Опубликовано 11.05.2020

Сергей Морейно

ТЕКСТ КАК МЕСТО

            Bo czyż pod stołem, który nas dzieli,

            nie trzymamy się wszyscy tajnie za ręce?

            Bruno Schulz

            Ведь за столом, нас разделившим,

            мы все тайно держимся за руки, правда?

            Бруно Шульц

Калитка

Откроем калитку. Я хочу пригласить вас в это – здесь возможно слово «странное», хотя и не обязательно – место. Мне кажется, эпитет «странное» люди добавляют отчасти потому, что имеют основания для опасений: место, в которое они зовут, может вовсе не показаться местом их гостям. Будь как будет; но, раз уж «место» вынесено в заглавие, условимся о его значении.

«Я живал в таких городах и домах этих городов, о которых можно открыто сказать – они не были местами», – это эстонский писатель и дипломат Яак Йорит. Зачем я сообщаю, что он дипломат? Лишь затем, чтобы подчеркнуть – он кое-что повидал и знает, о чем говорит. Впрочем, научиться отличать место от не места можно, не покидая собственной комнаты. Когда какая-то вещь (скажем, стул) стоит не на месте, это сразу бросается в глаза. Причин как минимум две – либо нарушена его связь с другими предметами (он стоит у двери, а не у стола и не у кровати), либо там, где он стоит, вообще нет смысла что-нибудь ставить. Если же сказать, что часть комнаты, в которой расположен стул, не является местом, обе причины сольются в одну. Ведь место бывает местом не только само по себе, зачастую его делает таковым окружение.

 Местом может быть сама комната, дом, улица, город (а может, как уже было сказано, и не быть). Идя по лесу, случается выбрать место для привала: пригорок, поляну, ствол поваленного дерева.

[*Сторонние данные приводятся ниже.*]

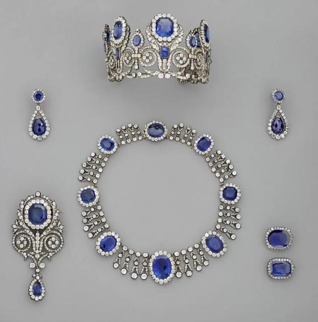 1830年七月革命成为命运的转折点,路易·菲利普意外成为法国末代国王,其妻玛丽·阿梅莉也随之加冕为后,这套蓝宝石也因此被赋予了新的王朝印记。
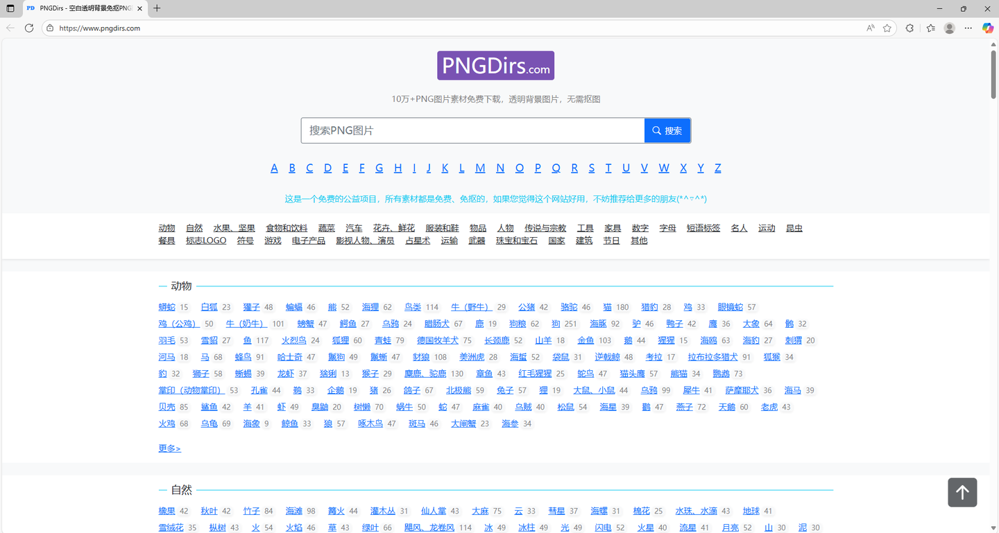 3、pngdirs这是一个拥有超10万张png透明背景素材,并且免费下载的网站。
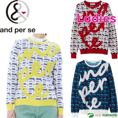パープル ホワイト ブルー 【レディース】アンパスィ 長袖 ウールmixジャカードニット クルーネックセーター AFF2333C8 セーター ゴルフウェア 2023年秋冬モデル and per se 秋冬ウェア 23FW 女性用
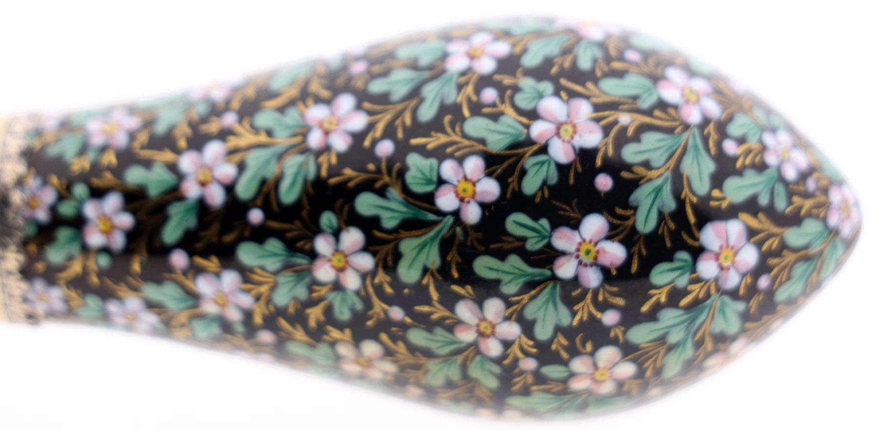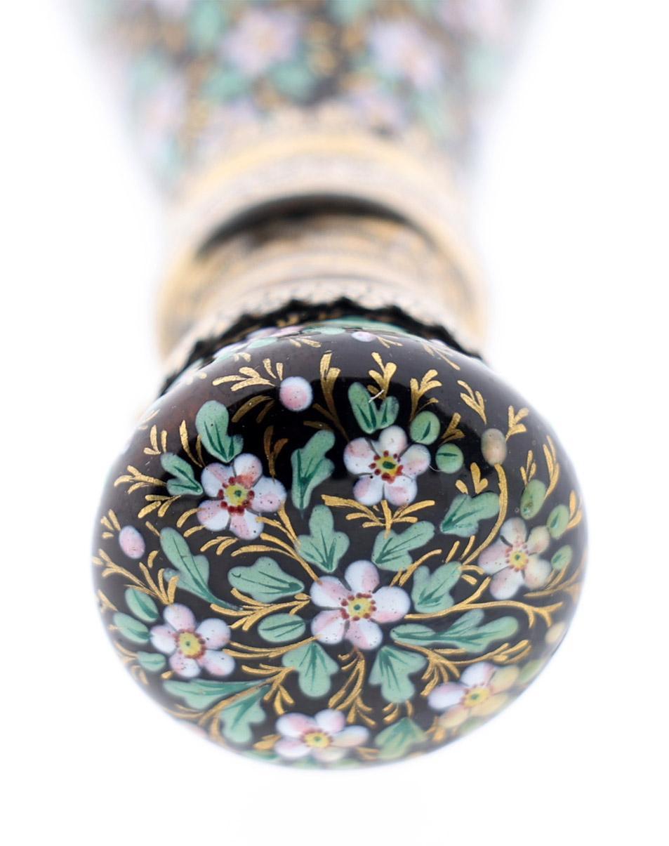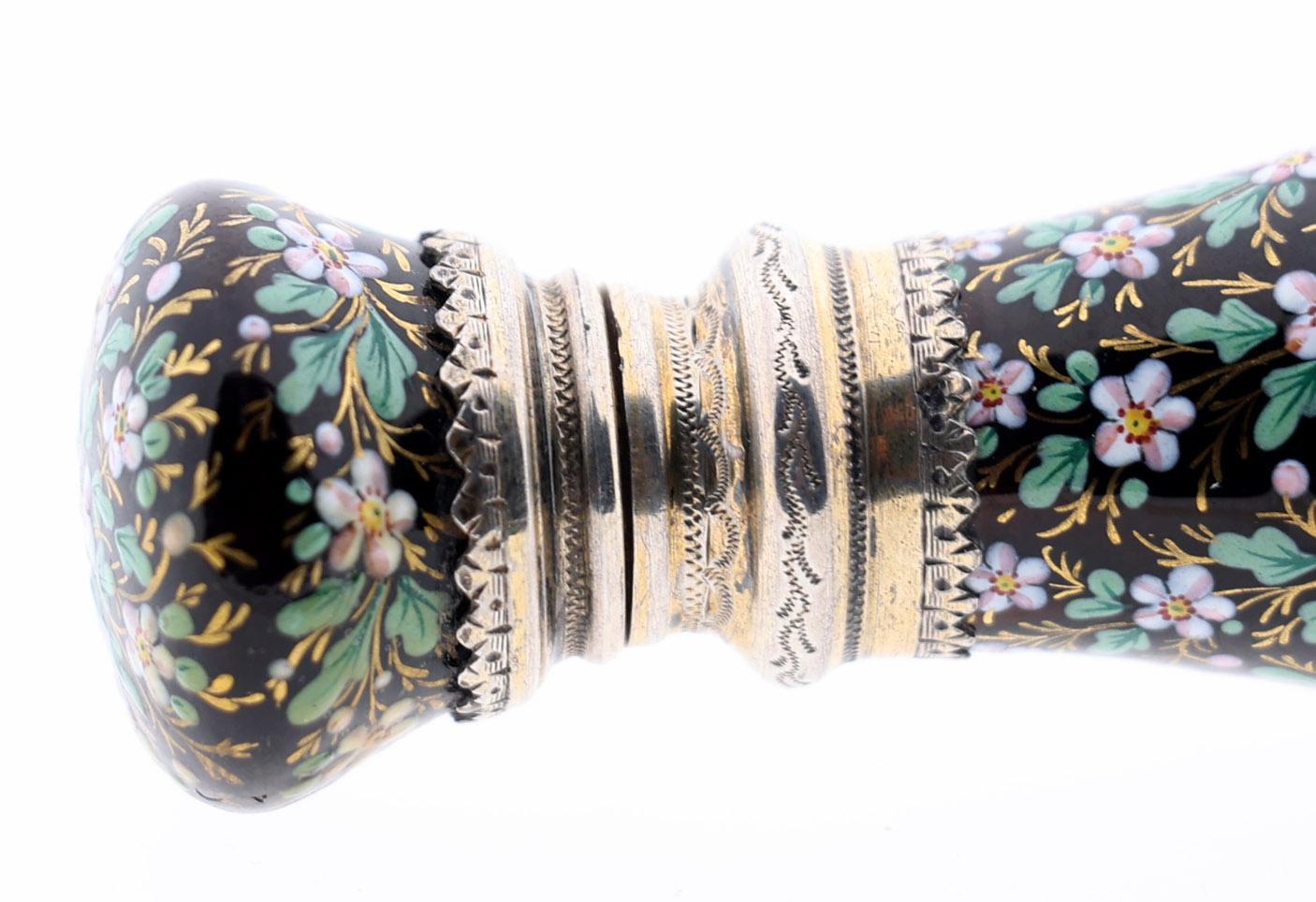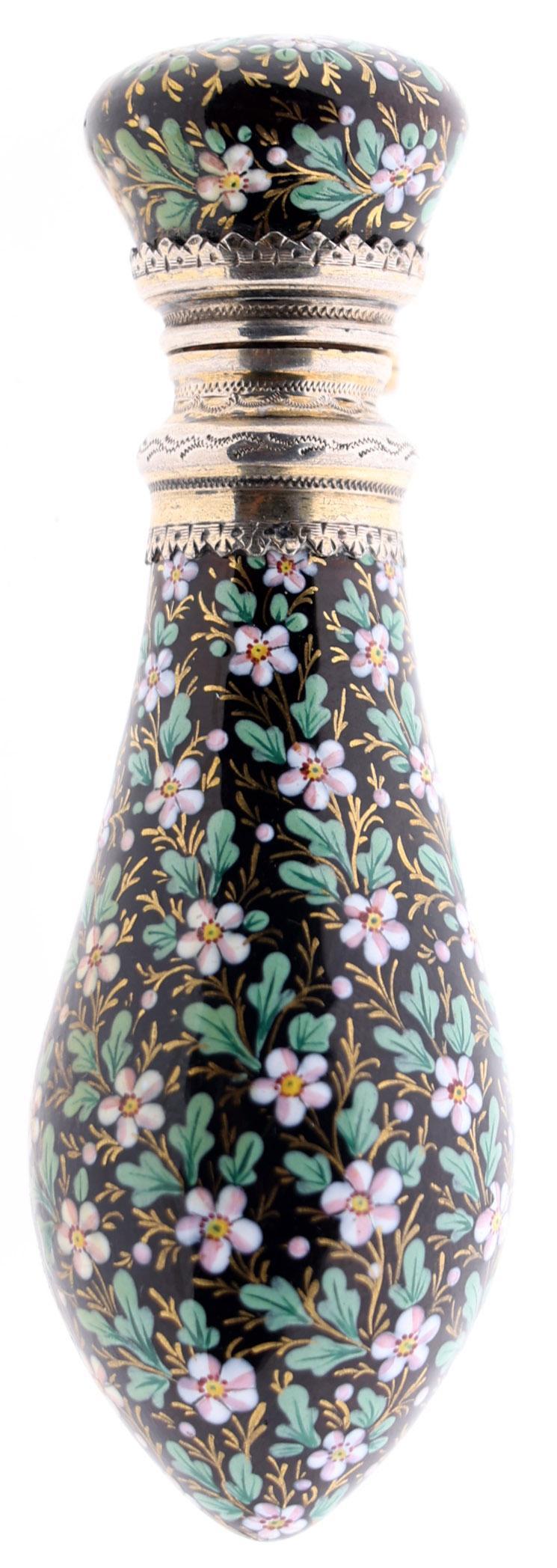 Antieke met bloemen bewerkte emaille odeurflacon met verguld zilveren rand, Frankrijk, 2e helft 19e eeuw, h.9 cm.

К местам ведут натоптанные тропинки – желая поесть или просто передохнуть, другие люди стремились именно в эти места, выделяя их среди прочих стволов и опушек. Интересно, что присутствие внутренней гармонии а-ля «мишки» Шишкина в них не обязательно. Ища ночлег, мы предпочтем менее «правильную» точку пейзажа более правильной, если к первой точке ведет более «правильная» дорога или тропа.

Вот не определение, но как бы словарная статья, суть квазитезисы, понимаемые интуитивно, с учетом определенного допуска, наличие которого как раз позволяет договариваться о минимальном общем лексиконе.

Место – это непременно часть чего-то большего, интуитивно ощущаемого как пространство.

Место имеет более или менее явно очерченные границы.

Место обладает рядом структурных особенностей, как внутренне присущих ему, так и связанных с человеческим восприятием содержащего его пространства, которые отличают место от других частей этого пространства, местами не являющихся.

Свойство быть местом связано с положением данного места относительно других мест пространства, а также его отношений с ними.

Дорожка

Дорожка ведет в сад. Сад, как известно, метафора – рая, потерянного и обретенного, лабиринта, романа. В романе Х. Кортасара «Игра в классики» один из членов Клуба Змеи, Грегоровиус, говорит Маге, подруге главного героя, что «Париж – это огромная метафора». Мое предложение, которое я хотел бы озвучить до того, как войти в дом, – рассматривать язык как пейзаж, – метафорой не является. Оно также не является ни сравнением, ни аналогией. Я назвал бы его родоуподоблением; и пусть мой лингвистический эквилибр никого не смущает – просто общность языка и пейзажа основана не на подобии сходства, а на подобии родства.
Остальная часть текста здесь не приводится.